Events of the past
days show the suspension of Durga Shakti Nagpal, an Indian Administrative
Service (IAS) officer serving in Uttar Pradesh, was politically motivated. The
order of the state government has now snowballed into a national political
controversy.
The officer, who was
suspended last week, had reportedly cracked down on the “sand mafia” operating
in the Gautam Budh Nagar district of Uttar Pradesh where she was serving as a
sub-divisional magistrate. Over the course of the past months, she had seized a
number of trucks and other vehicles laden with sand that had been mined
illegally in this district. There is high demand for sand in the district,
which is home to Noida, a sub-city adjoining the national capital. The step had
hit hard the interests of local politicians who have interests in the sand
mining business. The officer’s actions reverberated all the way to Lucknow. An
immature chief minister Akhilesh Yadavsuspended her, allegedly within an hour
of a local leader displaying displeasure at Nagpal. This was last week.
Since then, the
country has been subjected to the spectacle of a political football match
between the ruling Samajwadi Party (SP) and the Congress. SP leaders have
justified the chief minister’s actions by dishing out the most unbelievable
arguments. The Congress party, in turn, has demanded the officer not be
victimized. No less than party chief Sonia Gandhihas written to Prime Minister
Manmohan Singhto ensure justice for Nagpal. On Monday, SP boss Mulayam Singh
Yadavtermed the suspension order as “final, correct and irrevocable”.
Yadav can, of course,
be excused for his language. He probably is not aware that any officer, leave
alone members of the All India Services (AIS)—the IAS, the Indian Police
Service and the Indian Forest Service—cannot be held guilty before an inquiry
probing the charges against them is completed. In Nagpal’s case, the charge was
that she presided over the demolition of the wall of an under-construction
mosque in Kadalpur village in the district. This, the government felt, had the
potential to disturb communal amity in the district. A preliminary inquiry by
the district magistrate, the senior-most officer in the district, found no
substance in the charges levelled against her. Apparently, the government
relied on the report of a local intelligence unit of the state police to press
with the suspension. Reports suggest that this report did not even mention that
Nagpal was present at the site. This “oversight” in the report, it has been
claimed, was a “typographical error”.
Clearly, a state
government that cannot even carry out a suspension properly will not be fair to
the officer in question.
What is to be done?
At the very minimum,
the Union government needs to amend the relevant sections of the All India
Services (Discipline and Appeal) Rules, 1969 under which officers of AIS are
disciplined. In the virtually anarchic administrative conditions that prevail
in the states today, few, if any, officers of these services can hope to
survive, let alone function with honesty, in states ruled by regional parties.

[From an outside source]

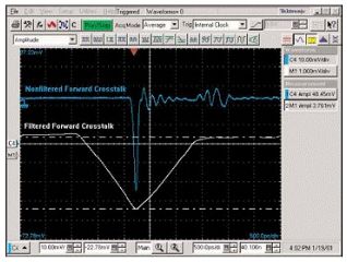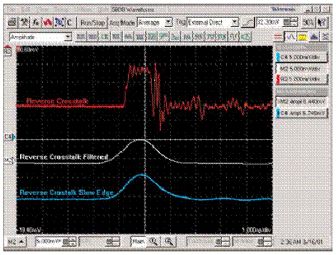 藍(lan)色(se)波(bo)形(xing)是(shi)由(you)白(bai)色(se)波(bo)形(xing)濾(lv)波(bo)後(hou)減(jian)緩(huan)了(le)脈(mai)衝(chong)上(shang)升(sheng)沿(yan)得(de)到(dao)的(de)波(bo)形(xing),它(ta)代(dai)表(biao)的(de)就(jiu)是(shi)對(dui)串(chuan)擾(rao)進(jin)行(xing)後(hou)濾(lv)波(bo)的(de)結(jie)果(guo)。圖(tu)中(zhong)顯(xian)示(shi)的(de)紅(hong)色(se)和(he)藍(lan)色(se)兩(liang)個(ge)串(chuan)擾(rao)波(bo)形(xing)是(shi)以(yi)相(xiang)同(tong)的(de)電(dian)壓(ya)刻(ke)度(du)顯(xian)示(shi)的(de)。

This is not because these parties are led by dishonest politicians but because
of their extremely short-sighted policy vision. The problem, while acute under
regional parties, is not limited to them. Cases such as those of Ashok Khemka
(in Haryana) show that even national parties are not immune from abusing
authority. Under such governments, officers are usually under extreme pressure.
Either ministers want them to adhere to orders of dubious legal validity or
simply get out of the way.
Officers such as
Nagpal are either seen as a threat or are simply squashed by administrative
fiat. The usual way to bend honest officers to the will of the ruling party is
to transfer them to inconvenient (or more often, inconsequential) positions.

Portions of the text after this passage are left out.